RECORDS TO PROCESS below:

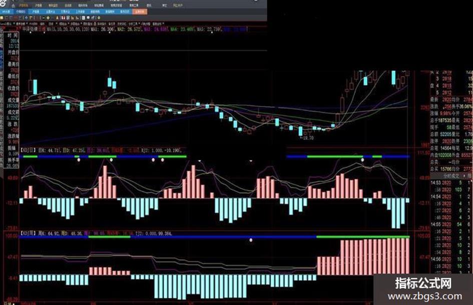 一般来说,周KDJ的上涨与下跌,与趋势相关性很大,周KDJ上涨,一波中级反弹行情会出现,周KDJ下跌,一波中级回调行情会出现,利用周KDJ看趋势,日KDJ进行买卖。不存在未来数据,只利用大智慧原有的KDJ指标。
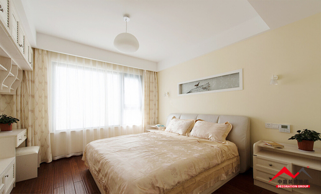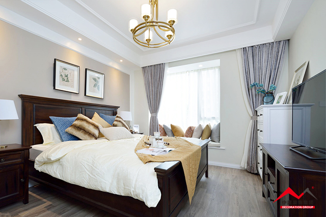 c、臥室的床品也是一個很好的參照物,歐式風格的床品搭配歐式的窗簾。比如上圖,窗簾以米色花卉與淺咖色葉子相間,與織花床品完美融合。
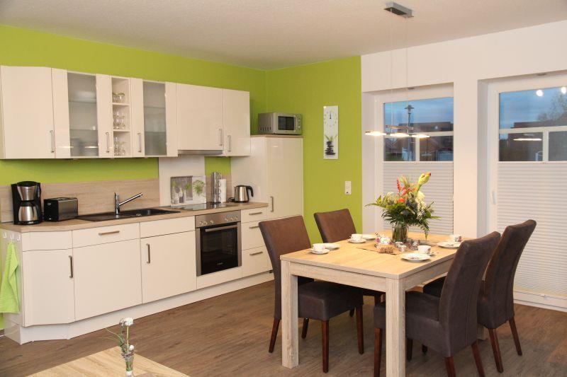 Der gemütliche Wohn-/Essbereich verfügt über eine hochwertige Einbauküche mit Cerankochfeld, Dunstabzugshaube, Backofen, Mikrowelle, Kühlschrank mit separatem Gefrierfach, Geschirrspüler, Kaffeemaschine, Toaster, Wasserkocher, Mixer, Eierkocher u.v.m.
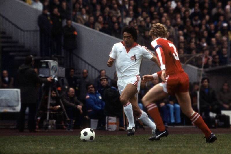 Heinz Flohe mit blick auf dem Gegner , davor Yasuhiko Okudera
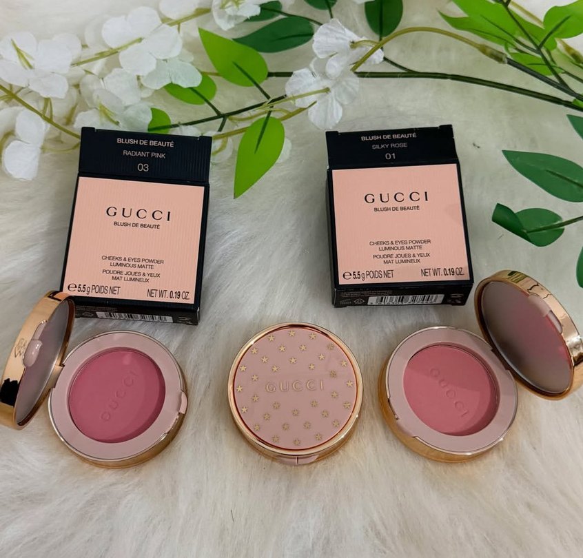 Gucci'nin pastel pembe tonlarında, yanak ve gözler için mat parlaklık sağlayan allıkları. Her kutu kapağında yıldız desenleri bulunur.
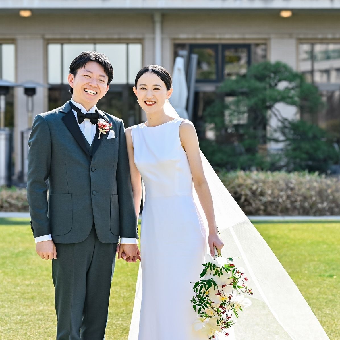 婚約当初はハンサムショートでかなり短かった髪を、1年3ヶ月かけてアップスタイルができる長さまで伸ばしました!
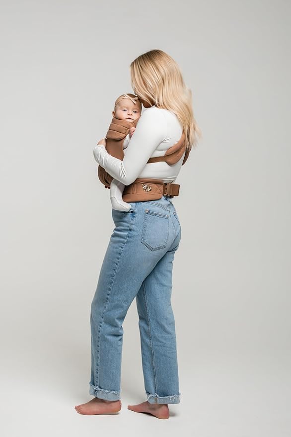 Mabē Monarch Ergonomic Baby Carrier – Premium Cotton Soft Structured Newborn to Toddler Carrier with Hip-Healthy Design, 3 Carry Positions (7-35lbs), Lightweight & Breathable, (Mocha)
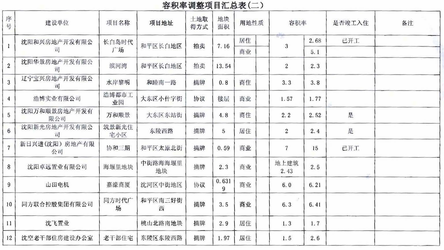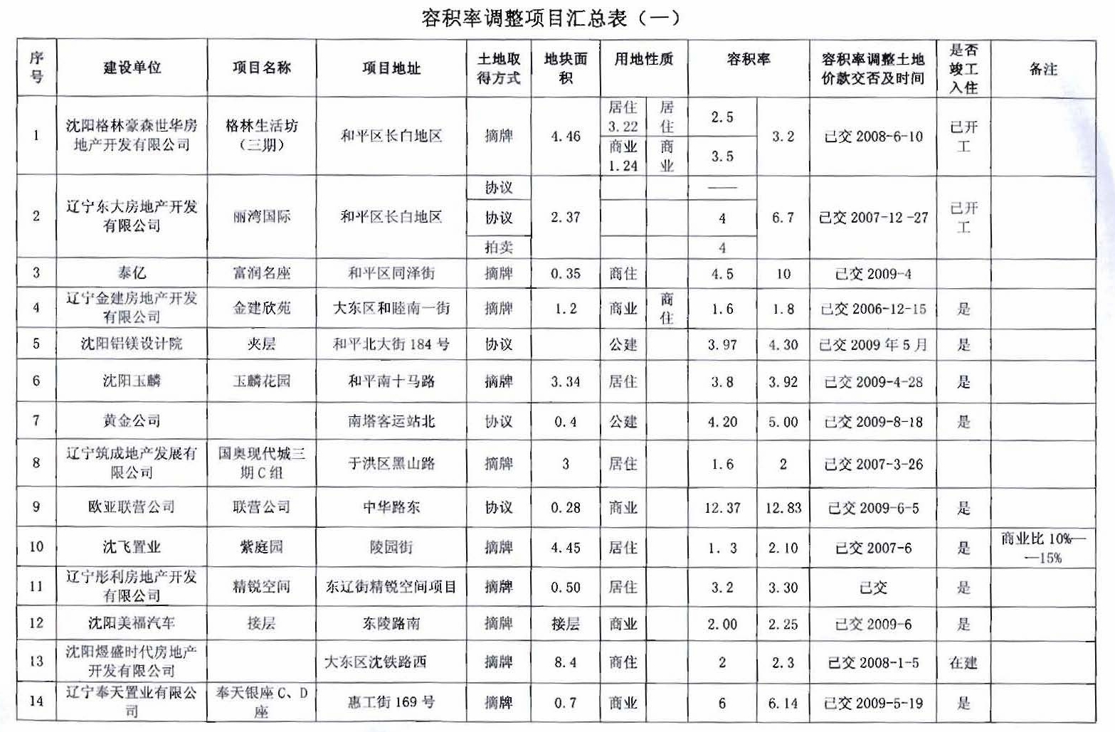 关于沈阳格林豪森世华房地产等项目容积率规划指标的调整公示
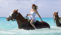 照片中,珍妮弗或是穿著婚紗體驗懸崖跳傘,或是坐著狗拉雪橇,或是手拿一杯葡萄酒面對埃菲爾鐵塔,或是面對中國麗江的水車沉思,甚至腳穿球鞋、在NBA球場上定點投籃……
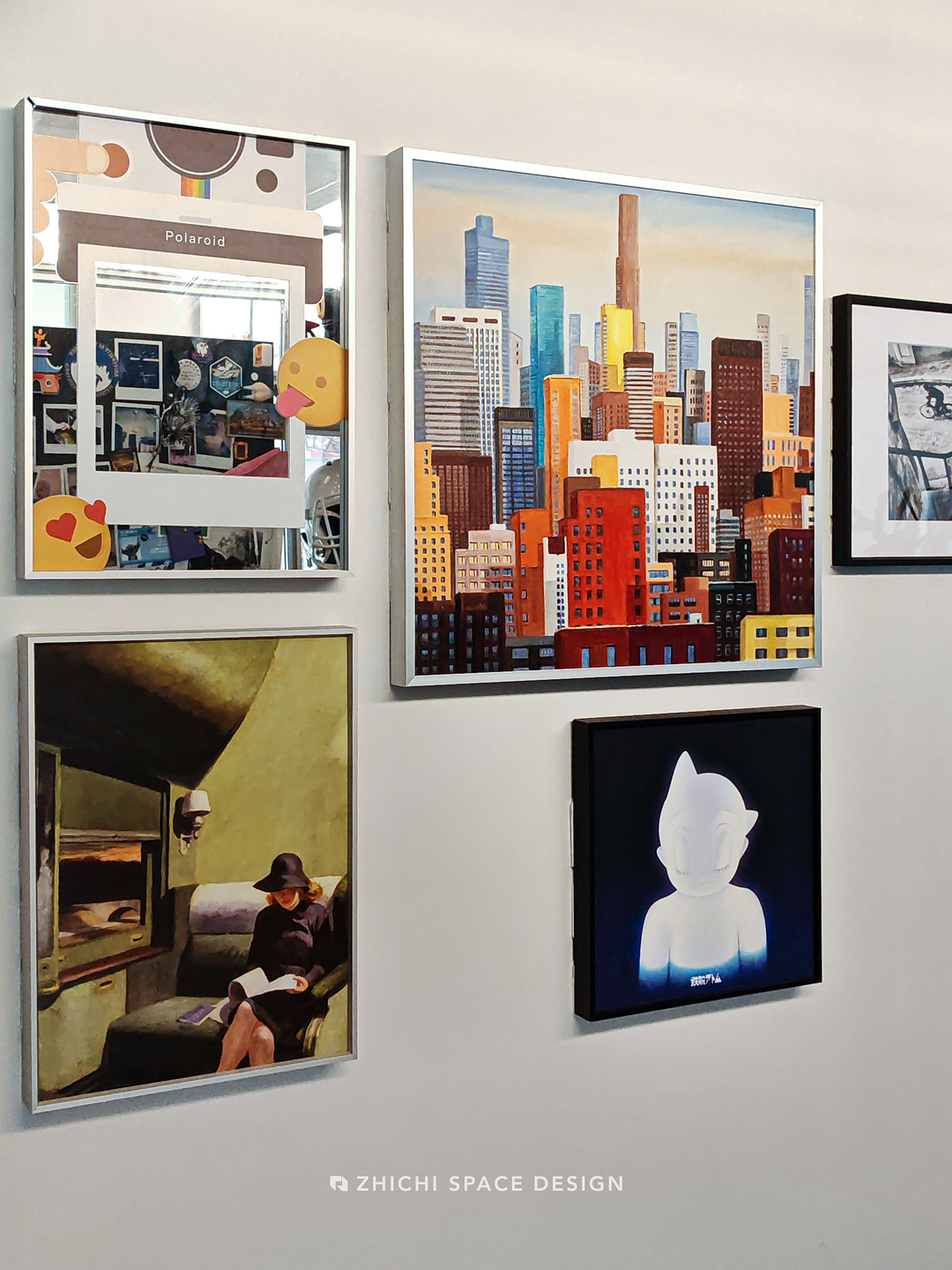 过道的装饰画是屋主喜欢的艺术家作品,很有意思的是左上角那面镜子,身高178cm能正好照到脸。
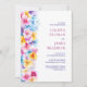 Celebrate love in full bloom with this colourful floral wedding invitation. Adorned with pink, yellow, blue, and purple blossoms, this beautifully designed invitation is perfect for inviting friends and loved ones to witness the joyful beginning of your lifelong journey together. Elegant, cheerful, and full of heart, it sets the perfect tone for a celebration to remember. Designed for the budget-savvy couple, the reception venue location, RSVP response request, accommodation details, and any other information your guests may require can be included on the reverse side of this invitation, saving money on extra stationery. A variety of paper types and corner styles are available for your unique invitations, along with the option to download if you prefer a digital format.
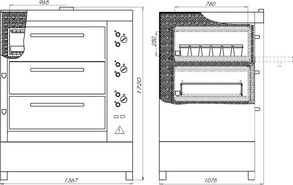 Baking oven Rise the CCE-750/3 used at the enterprises of public catering or in small bakeries for baking a wide range of bakery and pastry, and for baking (heat treatment) meat, fish, vegetable and other dishes. High camera baking pan bread excluding burning the top crust from contact with upper electrical heating elements.
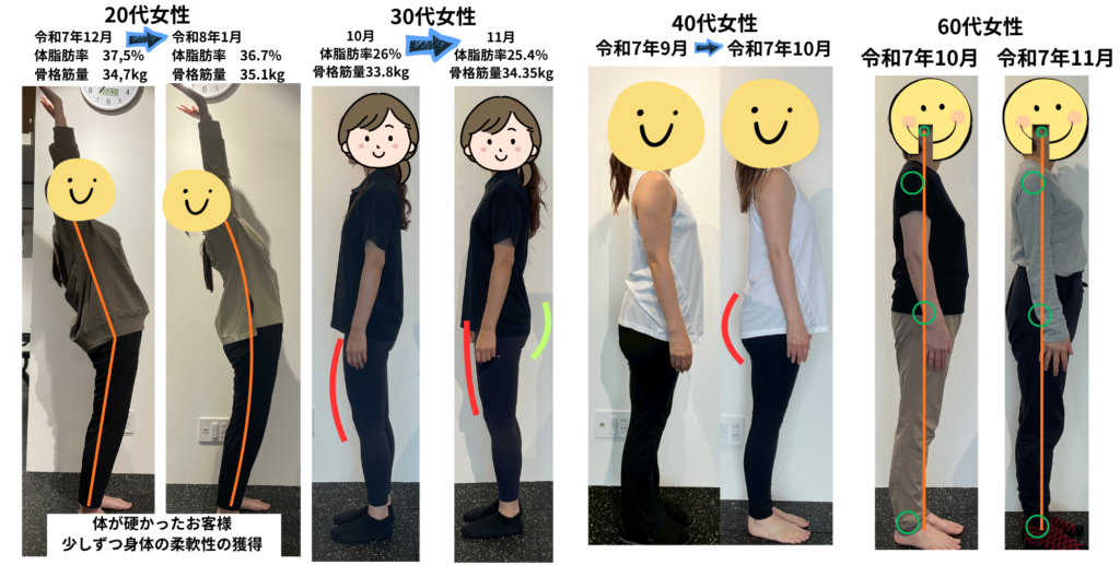 当ジムでは、ただ体重を落とすだけでなく「生涯健康的に動ける身体づくり」をコンセプトに、20代〜70代まで幅広い方のサポートを行っています。
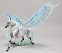 Brisa is coral pink with blonde faux hair mane and tail. She flys in warmer and tropical winds, and stars in the second book "Horse Happy".

End of RECORDS TO PROCESS.

● **INSTRUCTIONS TO FOLLOW**
Images in the records must not be repeated; everything else should be returned exactly.

● **EXERCISE SOLUTION**
 一般来说,周KDJ的上涨与下跌,与趋势相关性很大,周KDJ上涨,一波中级反弹行情会出现,周KDJ下跌,一波中级回调行情会出现,利用周KDJ看趋势,日KDJ进行买卖。不存在未来数据,只利用大智慧原有的KDJ指标。
 c、臥室的床品也是一個很好的參照物,歐式風格的床品搭配歐式的窗簾。比如上圖,窗簾以米色花卉與淺咖色葉子相間,與織花床品完美融合。
 Der gemütliche Wohn-/Essbereich verfügt über eine hochwertige Einbauküche mit Cerankochfeld, Dunstabzugshaube, Backofen, Mikrowelle, Kühlschrank mit separatem Gefrierfach, Geschirrspüler, Kaffeemaschine, Toaster, Wasserkocher, Mixer, Eierkocher u.v.m.
 Heinz Flohe mit blick auf dem Gegner , davor Yasuhiko Okudera
 Gucci'nin pastel pembe tonlarında, yanak ve gözler için mat parlaklık sağlayan allıkları. Her kutu kapağında yıldız desenleri bulunur.
 婚約当初はハンサムショートでかなり短かった髪を、1年3ヶ月かけてアップスタイルができる長さまで伸ばしました!
 Mabē Monarch Ergonomic Baby Carrier – Premium Cotton Soft Structured Newborn to Toddler Carrier with Hip-Healthy Design, 3 Carry Positions (7-35lbs), Lightweight & Breathable, (Mocha)
 关于沈阳格林豪森世华房地产等项目容积率规划指标的调整公示
 照片中,珍妮弗或是穿著婚紗體驗懸崖跳傘,或是坐著狗拉雪橇,或是手拿一杯葡萄酒面對埃菲爾鐵塔,或是面對中國麗江的水車沉思,甚至腳穿球鞋、在NBA球場上定點投籃……
 过道的装饰画是屋主喜欢的艺术家作品,很有意思的是左上角那面镜子,身高178cm能正好照到脸。
 Celebrate love in full bloom with this colourful floral wedding invitation. Adorned with pink, yellow, blue, and purple blossoms, this beautifully designed invitation is perfect for inviting friends and loved ones to witness the joyful beginning of your lifelong journey together. Elegant, cheerful, and full of heart, it sets the perfect tone for a celebration to remember. Designed for the budget-savvy couple, the reception venue location, RSVP response request, accommodation details, and any other information your guests may require can be included on the reverse side of this invitation, saving money on extra stationery. A variety of paper types and corner styles are available for your unique invitations, along with the option to download if you prefer a digital format.
 Baking oven Rise the CCE-750/3 used at the enterprises of public catering or in small bakeries for baking a wide range of bakery and pastry, and for baking (heat treatment) meat, fish, vegetable and other dishes. High camera baking pan bread excluding burning the top crust from contact with upper electrical heating elements.
 当ジムでは、ただ体重を落とすだけでなく「生涯健康的に動ける身体づくり」をコンセプトに、20代〜70代まで幅広い方のサポートを行っています。
 Brisa is coral pink with blonde faux hair mane and tail. She flys in warmer and tropical winds, and stars in the second book "Horse Happy".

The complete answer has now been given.